**TASK ITEM:**
Pictures are to be left out. Return exactly the lines below from the one with "1K×14bit 的存儲(chǔ)空間,由 10" up to and including the one with "此外,演讲会前,还特别举行了".

**PROVIDED RECORDS:**

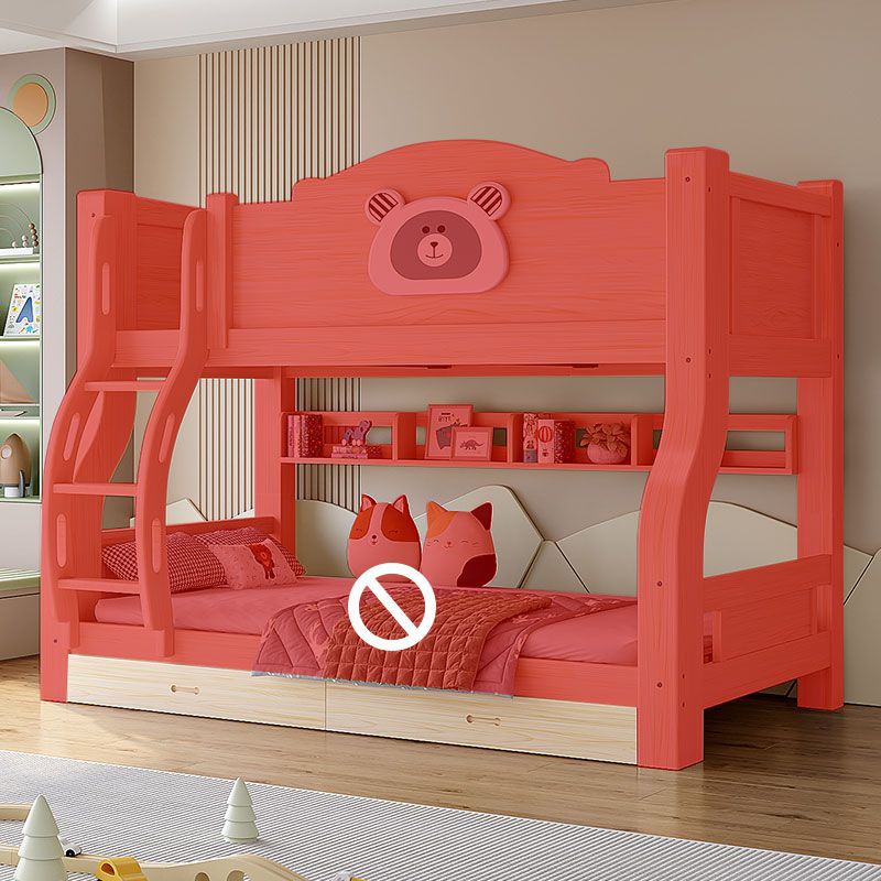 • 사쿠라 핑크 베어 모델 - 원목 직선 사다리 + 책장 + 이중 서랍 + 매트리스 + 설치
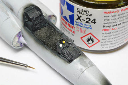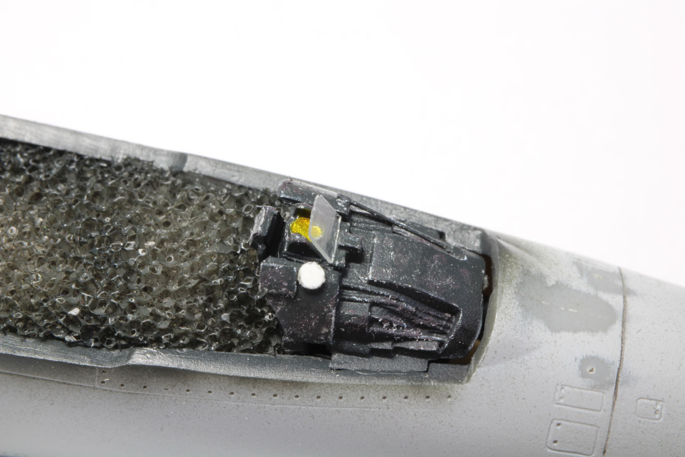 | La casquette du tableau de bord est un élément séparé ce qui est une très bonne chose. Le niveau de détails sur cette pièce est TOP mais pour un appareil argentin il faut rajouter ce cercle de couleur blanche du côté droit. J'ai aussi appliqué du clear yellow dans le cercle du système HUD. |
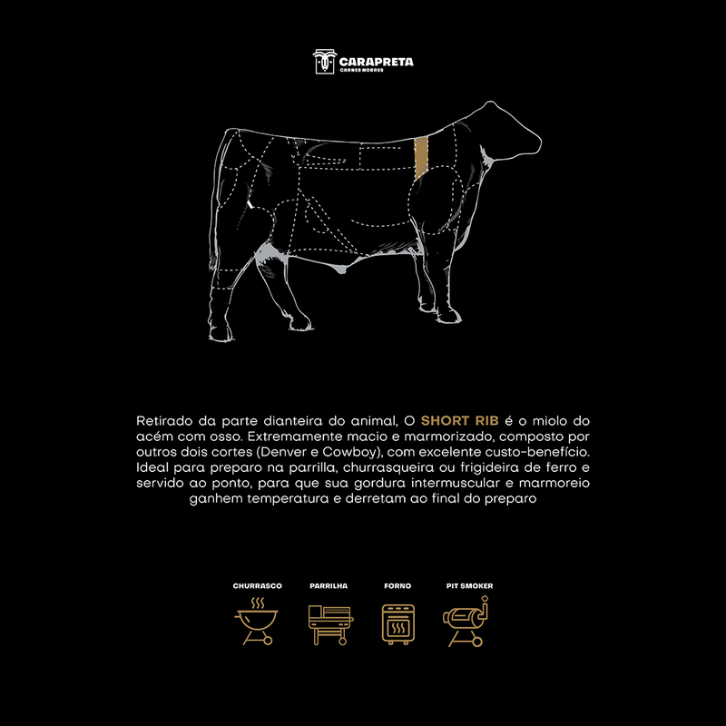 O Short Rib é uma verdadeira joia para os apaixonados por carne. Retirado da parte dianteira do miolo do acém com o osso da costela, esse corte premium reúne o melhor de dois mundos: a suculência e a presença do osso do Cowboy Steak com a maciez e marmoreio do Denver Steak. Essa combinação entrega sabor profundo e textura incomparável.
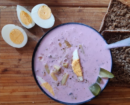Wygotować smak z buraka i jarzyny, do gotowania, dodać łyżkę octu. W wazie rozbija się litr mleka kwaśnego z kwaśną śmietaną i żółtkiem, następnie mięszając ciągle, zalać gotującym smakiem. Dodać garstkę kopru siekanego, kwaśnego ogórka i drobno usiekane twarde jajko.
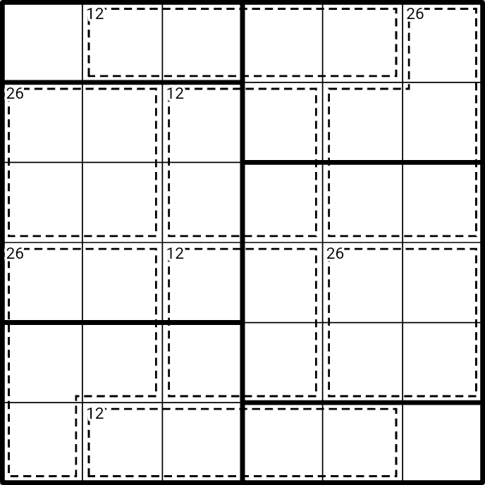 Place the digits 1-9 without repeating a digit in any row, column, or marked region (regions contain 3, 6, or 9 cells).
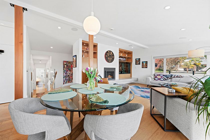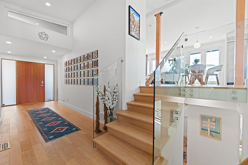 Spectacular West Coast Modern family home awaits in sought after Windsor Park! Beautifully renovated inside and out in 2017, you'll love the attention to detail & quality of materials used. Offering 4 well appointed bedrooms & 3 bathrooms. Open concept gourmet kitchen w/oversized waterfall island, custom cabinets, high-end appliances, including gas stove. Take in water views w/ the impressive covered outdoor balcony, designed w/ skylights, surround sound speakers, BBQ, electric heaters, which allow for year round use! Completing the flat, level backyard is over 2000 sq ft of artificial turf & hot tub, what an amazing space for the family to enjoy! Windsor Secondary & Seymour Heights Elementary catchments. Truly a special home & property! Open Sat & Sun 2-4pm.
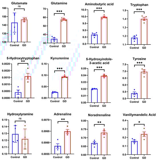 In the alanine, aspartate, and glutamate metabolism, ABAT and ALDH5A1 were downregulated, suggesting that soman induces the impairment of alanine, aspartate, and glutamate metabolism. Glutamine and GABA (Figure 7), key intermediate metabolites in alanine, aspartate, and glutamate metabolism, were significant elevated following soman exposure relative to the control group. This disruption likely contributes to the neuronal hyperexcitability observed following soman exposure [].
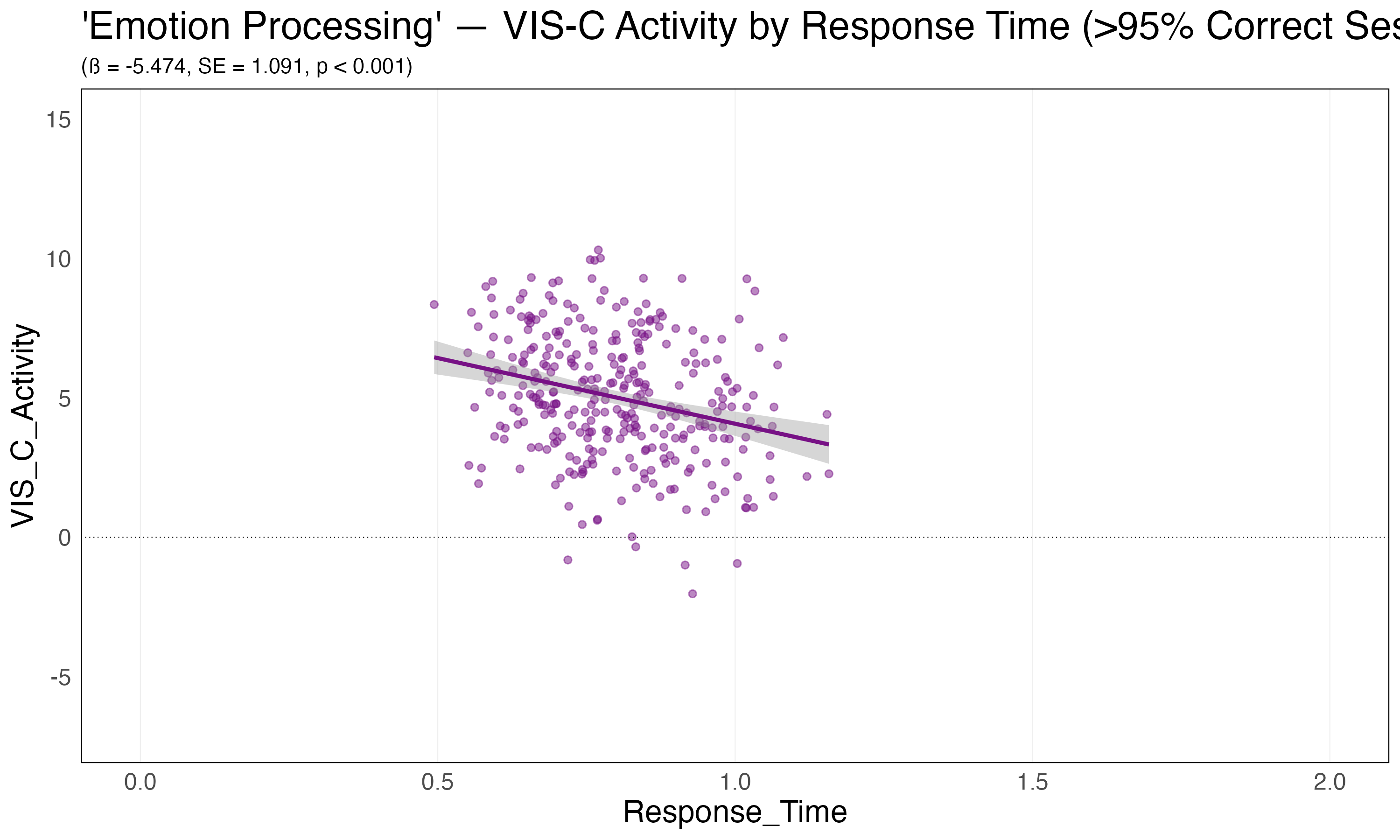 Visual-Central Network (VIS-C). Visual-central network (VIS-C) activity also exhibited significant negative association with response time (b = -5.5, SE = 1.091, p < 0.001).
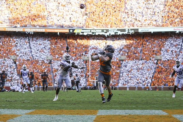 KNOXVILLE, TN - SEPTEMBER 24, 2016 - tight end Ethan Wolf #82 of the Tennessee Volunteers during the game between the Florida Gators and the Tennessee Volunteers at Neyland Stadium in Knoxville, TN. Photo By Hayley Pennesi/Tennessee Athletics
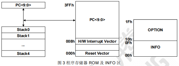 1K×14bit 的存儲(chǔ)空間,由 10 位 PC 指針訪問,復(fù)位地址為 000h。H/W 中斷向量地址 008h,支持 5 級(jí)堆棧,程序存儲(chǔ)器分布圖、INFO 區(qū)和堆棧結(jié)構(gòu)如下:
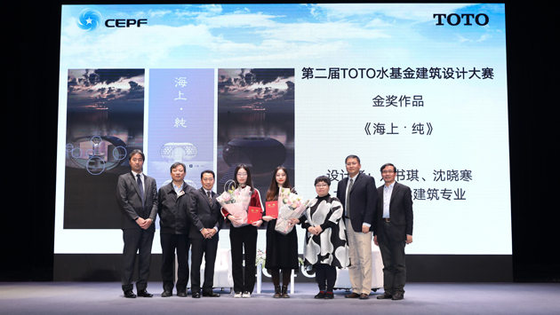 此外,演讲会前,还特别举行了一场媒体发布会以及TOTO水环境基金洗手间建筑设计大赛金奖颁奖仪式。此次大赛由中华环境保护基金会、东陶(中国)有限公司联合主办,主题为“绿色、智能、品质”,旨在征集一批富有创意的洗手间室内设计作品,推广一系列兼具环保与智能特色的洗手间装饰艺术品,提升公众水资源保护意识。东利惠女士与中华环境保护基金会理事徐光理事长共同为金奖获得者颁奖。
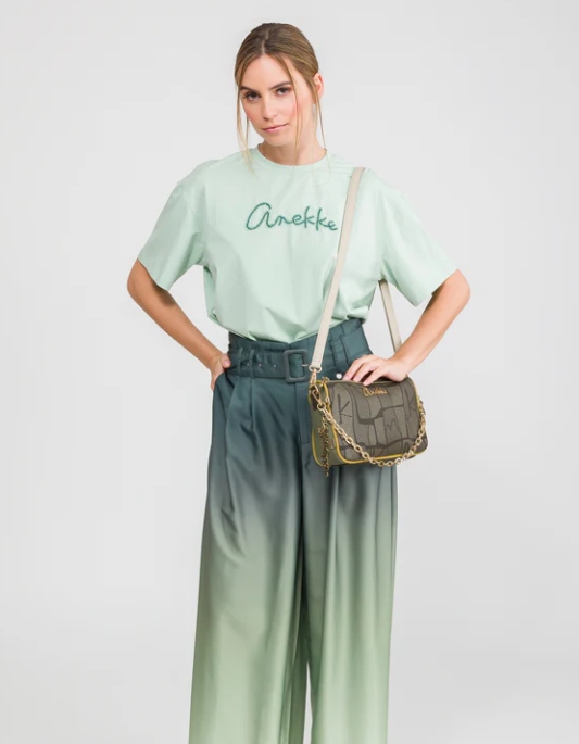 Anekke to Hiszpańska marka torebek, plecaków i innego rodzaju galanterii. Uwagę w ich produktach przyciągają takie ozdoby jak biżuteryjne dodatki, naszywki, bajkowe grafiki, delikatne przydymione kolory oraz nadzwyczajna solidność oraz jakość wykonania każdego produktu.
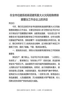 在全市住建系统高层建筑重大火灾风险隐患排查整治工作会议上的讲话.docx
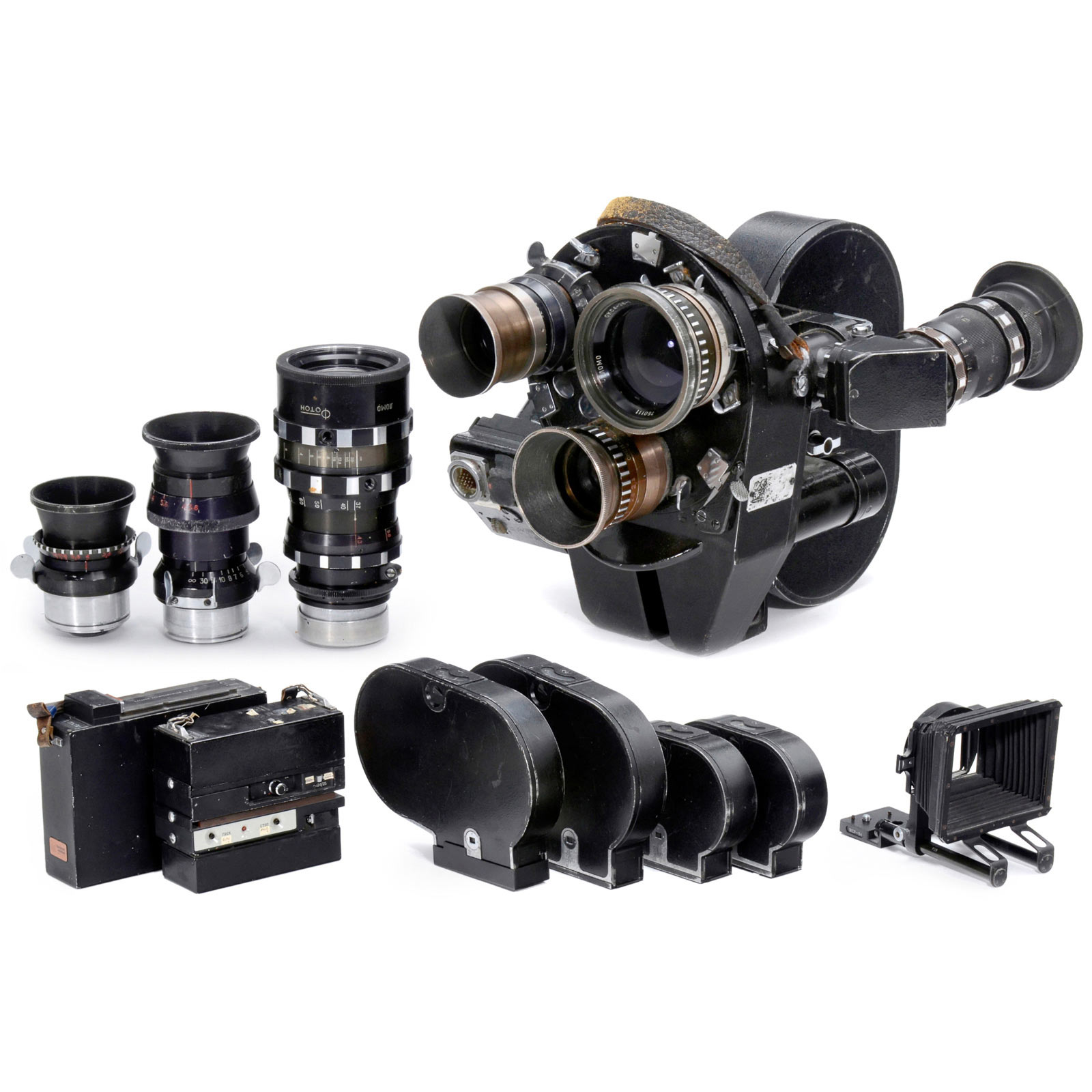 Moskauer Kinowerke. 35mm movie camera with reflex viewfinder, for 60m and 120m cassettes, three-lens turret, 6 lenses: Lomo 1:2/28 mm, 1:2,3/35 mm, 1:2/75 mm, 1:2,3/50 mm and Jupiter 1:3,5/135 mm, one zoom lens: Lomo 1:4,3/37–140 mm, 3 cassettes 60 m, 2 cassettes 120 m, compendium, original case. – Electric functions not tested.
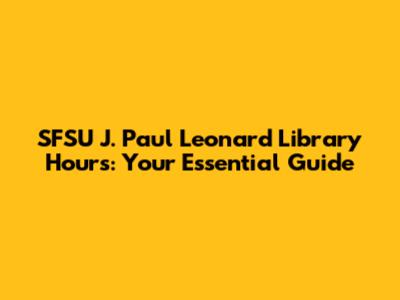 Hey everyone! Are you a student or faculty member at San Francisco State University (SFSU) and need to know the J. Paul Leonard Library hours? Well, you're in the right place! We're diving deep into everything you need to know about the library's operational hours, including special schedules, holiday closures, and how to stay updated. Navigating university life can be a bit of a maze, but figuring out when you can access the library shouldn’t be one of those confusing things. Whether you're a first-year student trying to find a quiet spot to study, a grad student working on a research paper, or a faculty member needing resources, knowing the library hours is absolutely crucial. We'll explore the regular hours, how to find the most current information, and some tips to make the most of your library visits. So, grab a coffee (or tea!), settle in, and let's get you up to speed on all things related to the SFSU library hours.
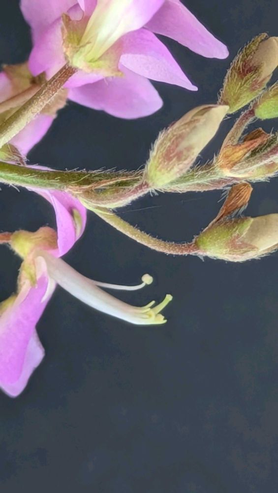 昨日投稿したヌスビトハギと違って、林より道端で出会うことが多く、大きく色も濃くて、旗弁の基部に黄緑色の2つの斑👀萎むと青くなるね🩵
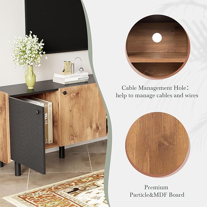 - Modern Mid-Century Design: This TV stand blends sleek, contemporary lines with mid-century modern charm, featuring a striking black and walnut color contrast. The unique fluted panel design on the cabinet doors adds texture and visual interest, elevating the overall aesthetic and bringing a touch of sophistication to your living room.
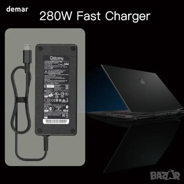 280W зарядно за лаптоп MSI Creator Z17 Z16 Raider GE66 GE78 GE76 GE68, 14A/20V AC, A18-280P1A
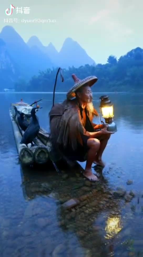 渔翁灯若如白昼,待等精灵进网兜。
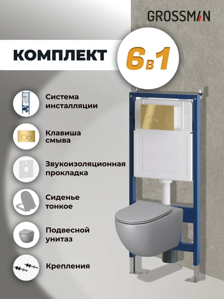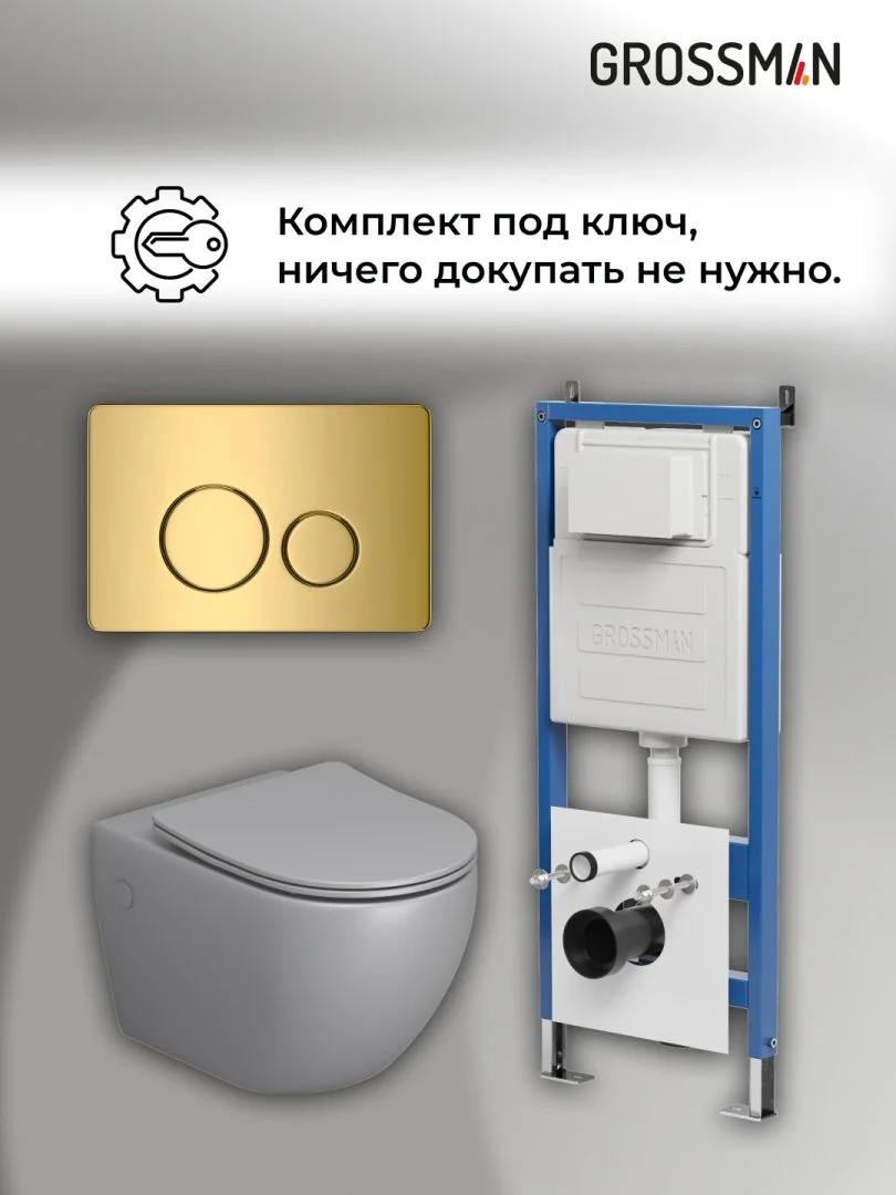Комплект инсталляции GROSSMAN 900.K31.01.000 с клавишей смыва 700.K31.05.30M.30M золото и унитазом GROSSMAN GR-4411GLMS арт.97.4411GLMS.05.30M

**PROBLEM SOLUTION:**
 1K×14bit 的存儲(chǔ)空間,由 10 位 PC 指針訪問,復(fù)位地址為 000h。H/W 中斷向量地址 008h,支持 5 級(jí)堆棧,程序存儲(chǔ)器分布圖、INFO 區(qū)和堆棧結(jié)構(gòu)如下:
 此外,演讲会前,还特别举行了一场媒体发布会以及TOTO水环境基金洗手间建筑设计大赛金奖颁奖仪式。此次大赛由中华环境保护基金会、东陶(中国)有限公司联合主办,主题为“绿色、智能、品质”,旨在征集一批富有创意的洗手间室内设计作品,推广一系列兼具环保与智能特色的洗手间装饰艺术品,提升公众水资源保护意识。东利惠女士与中华环境保护基金会理事徐光理事长共同为金奖获得者颁奖。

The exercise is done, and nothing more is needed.